Kalau seleksi masih bisa disusupi “surat sakti” dari elite politik atau pejabat ormas, maka sehebat apa pun pelatihan barak militer, hasilnya akan tetap sama: pasukan yang rapi di luar, tapi keropos di dalam.
Jadi sebelum membentuk “pasukan petugas haji” ala militer, saya menyarankan satu hal: benahi dulu integritas sistem seleksi. Harus disadari sejak dini bahwa petugas yang malas dan oportunis bukan muncul dari medan, tapi dari meja seleksi yang longgar.
Berikan kesempatan kepada mereka yang memang ikhlas melayani. Yang punya pengalaman mendampingi jamaah.

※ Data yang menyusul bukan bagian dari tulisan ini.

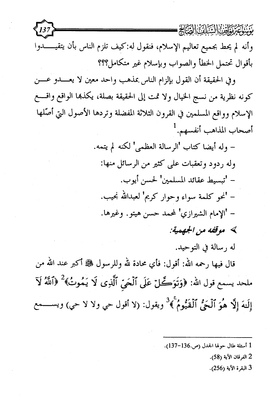 قال فيها رحمه الله: أقول: فأي محادة لله وللرسول - صلى الله عليه وسلم - أكبر عند الله من ملحد يسمع قول الله: {وَتَوَكَّلْ عَلَى الْحَيِّ الَّذِي لَا يَمُوتُ} (¬2) {اللَّهُ لَا إِلَهَ إِلَّا هُوَ الْحَيُّ الْقَيُّومُ} (¬3) ويقول: (لا أقول حي ولا لا حي) ويسمع

Yang bisa bicara dengan logika dan hati. Yang kalau melihat jamaah tersesat, refleksnya bukan cari kamera, tapi menunjukkan jalan.
Saya tidak ingin terlalu sinis. Karena saya tahu, ini adalah langkah maju. Bahkan bisa jadi langkah revolusioner. Tapi keberhasilan program ini bukan ditentukan oleh barak militernya. Melainkan oleh jiwa pelayanan yang ditanamkan di sana.
Apakah barak itu akan melahirkan petugas haji sejati—yang siap memikul beban spiritual dan sosial selama 40 hari di negeri orang? Atau hanya menjadi ajang seremonial disiplin—yang setelahnya kembali ke pola lama: selfie, shopping, dan setor laporan seadanya? Kita akan lihat bersama.
Tapi saya percaya, niat baik harus dikawal dengan cara yang benar. Karena melayani tamu Allah bukan tugas sembarangan. Dan tidak semua orang, meski punya pangkat atau gelar, layak menyandang tugas itu.